Visualizing the origins of selfish de novo mutations in individual seminiferous tubules of human testes

Abstract

De novo point mutations arise predominantly in the male germline and increase in frequency with age, but it has not previously been possible to locate specific, identifiable mutations directly within the seminiferous tubules of human testes. Using microdissection of tubules exhibiting altered expression of the spermatogonial markers MAGEA4, FGFR3, and phospho-AKT, whole genome amplification, and DNA sequencing, we establish an in situ strategy for discovery and analysis of pathogenic de novo mutations. In 14 testes from men aged 39-90 y, we identified 11 distinct gain-of-function mutations in five genes (fibroblast growth factor receptors FGFR2 and FGFR3, tyrosine phosphatase PTPN11, and RAS oncogene homologs HRAS and KRAS) from 16 of 22 tubules analyzed; all mutations have known associations with severe diseases, ranging from congenital or perinatal lethal disorders to somatically acquired cancers. These results support proposed selfish selection of spermatogonial mutations affecting growth factor receptor-RAS signaling, highlight its prevalence in older men, and enable direct visualization of the microscopic anatomy of elongated mutant clones.

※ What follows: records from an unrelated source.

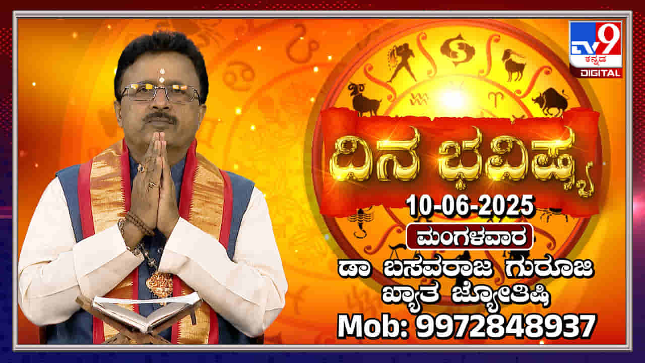 ಜೂನ್ 10ರ ದಿನ ಭವಿಷ್ಯದಲ್ಲಿ ಡಾ. ಬಸವರಾಜ ಗುರೂಜಿ ಅವರು ಎಲ್ಲಾ 12 ರಾಶಿಗಳ ಭವಿಷ್ಯವನ್ನು ವಿಡಿಯೋದಲ್ಲಿ ತಿಳಿಸಿಕೊಟ್ಟಿದ್ದಾರೆ. ಕುಟುಂಬದೊಂದಿಗೆ ಉತ್ತಮ ಸಮಯ ಕಳೆಯುವಿರಿ. ನಿಮ್ಮ ಮಕ್ಕಳ ಮೇಲೆ ಗಮನವಿರಲಿ. ಪ್ರತಿ ರಾಶಿಗೆ ಶುಭ ಬಣ್ಣ, ದಿಕ್ಕು ಹಾಗೂ ಅದೃಷ್ಟ ಸಂಖ್ಯೆಯನ್ನು ಸಹ ತಿಳಿಸಲಾಗಿದೆ.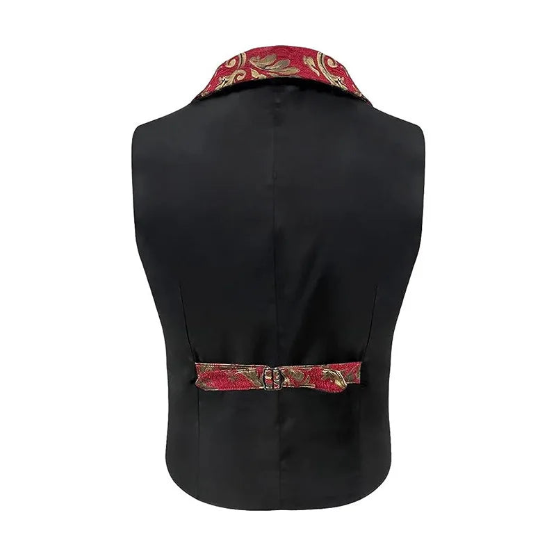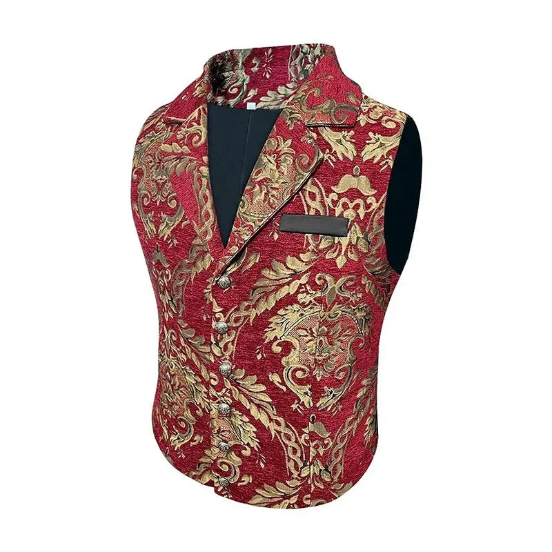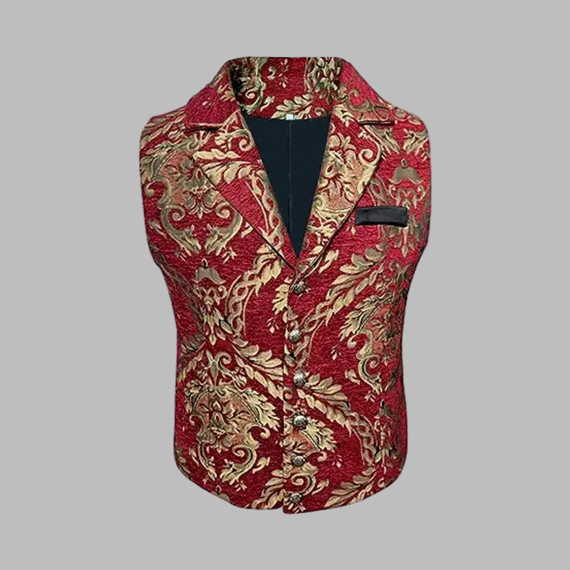 Elegante Steampunk-Weste aus rotem und goldenem Brokat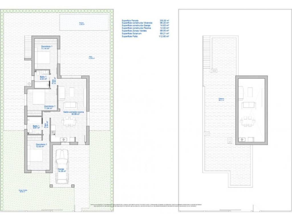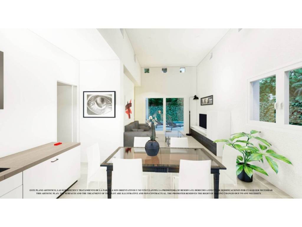 This property consists of 3 bedrooms and 2 bathrooms (one of them en suite), open plan kitchen with the living room, fitted wardrobes, solarium, private garden with parking space and private swimming pool.
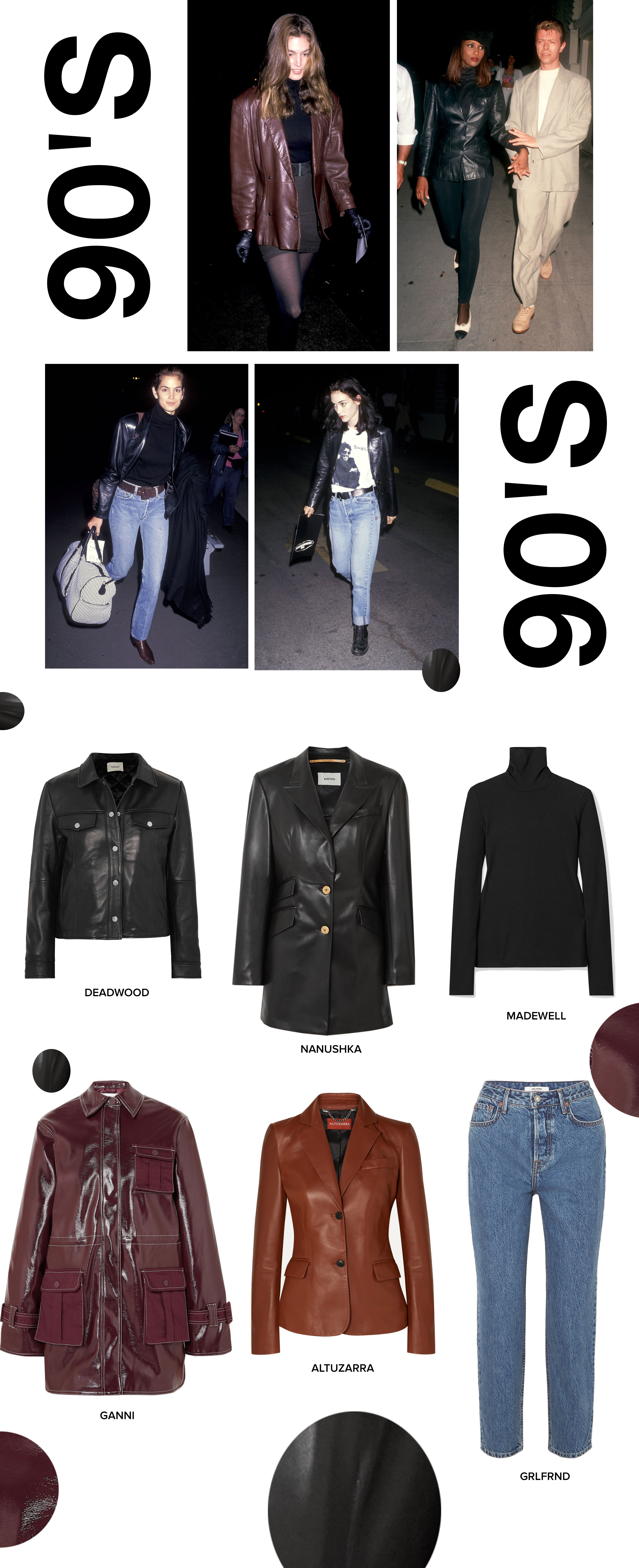 Черпать вдохновение из 90-х можно долго и неустанно. Лоск и лёгкость, с которыми супермодели и актрисы щеголяли в угловатых костюмах, трикотажных мини и цветных шубах, восхищают. Тут же появляется желание устроить игру в переодевания и отправиться на вечеринку. Однако и в повседневности многие стилистические приёмы можно применить удачно, составив эффектный и комфортный образ. Наш выбор — супермодели Иман и Синди Кроуфорд и актриса Вайнона Райдер в свободных кожаных пиджаках.

Keywords: germline; mutation; selfish selection; seminiferous tubule; testis.

Fig. 1.

Seminiferous tubules strongly immunopositive for MAGEA4 contain pathogenic mutations. (A–C) Thin sections from three FFPE testes showing spermatogonia, marked by MAGEA4 positivity (brown staining), present in a single layer at the periphery of normal tubular cross-sections (green surround or unlabeled). A subset of tubules (immunopositive tubules) display enhanced MAGEA4 staining (blue surround) due to dense clustering of spermatogonia with strong immunoreactivity. Dideoxy-sequencing traces were obtained from non-WGA DNA extracted from microdissected tissue of an adjacent section. (A) Heterozygous FGFR3 c.1118A>G (p.Y373C) mutations (*) are present in immunopositive tubules, but not in neighboring normal tubules. Clusters of mutation-positive tubules likely represent cross-sections of a single convoluted tubule. (B) In a longitudinal section of a tubule showing the transition from normal to strongly immunopositive staining, the heterozygous HRAS c.37C>G (p.G13R) mutation (*) was specific to the immunopositive portion, pinpointing the boundary between nonmutant and mutant cells. (C) Heterozygous FGFR2 c.758C>G (p.P253R) mutation (*) in immunopositive tubule. (Scale bars: 100 µm.)

Fig. 2.

Independent mutations can populate adjacent MAGEA4 immunopositive tubules, and extensive regional spread can occur. (A) Mutually exclusive FGFR3 c.742C>T (p.R248C) (blue surround) and PTPN11 c.215C>T (p.A72V) (red surround) mutations (*) in neighboring tubules with similar immunopositive appearance. (B) Low magnification view showing extensive region of tubules with FGFR3 c.1948A>G (p.K650E) mutation (*) (blue surround). Immunopositive tubules outside this region harbor a different nucleotide substitution, FGFR2 c.870G>T (p.W290C) (*) (red surround). (Scale bars: 1 mm.)

Fig. 3.

Analysis of spermatogenesis in immunopositive tubules. The difference in Johnsen scores between paired immunopositive and adjacent normal tubules is plotted for each pair; Johnsen scores range between 1 (no seminiferous epithelium) and 10 (full spermatogenesis). In pairwise analysis, the Johnsen score is significantly lower in immunopositive than in normal-staining tubules (P = 5.2 × 10⁻⁵, Wilcoxon signed rank test).

Fig. 4.

Retention of mutant seminiferous tubules in severely atrophic testis. (A) Low magnification view of MAGEA4-stained atrophic testis with the dotted line demarcating the testicular parenchyma. Tubules with spermatogonia (identified by brown stain) are rare and present only in the outlined box. (B) Higher magnification of boxed region, demonstrating that most of the tubular cross-sections containing spermatogonia have an immunopositive appearance (blue surround) and carry the apparently homozygous FGFR3 c.1948A>G (p.K650E) mutation (*). The normally stained tubules (green surround) do not carry the mutation at a detectable level. (Scale bars: 1 mm.)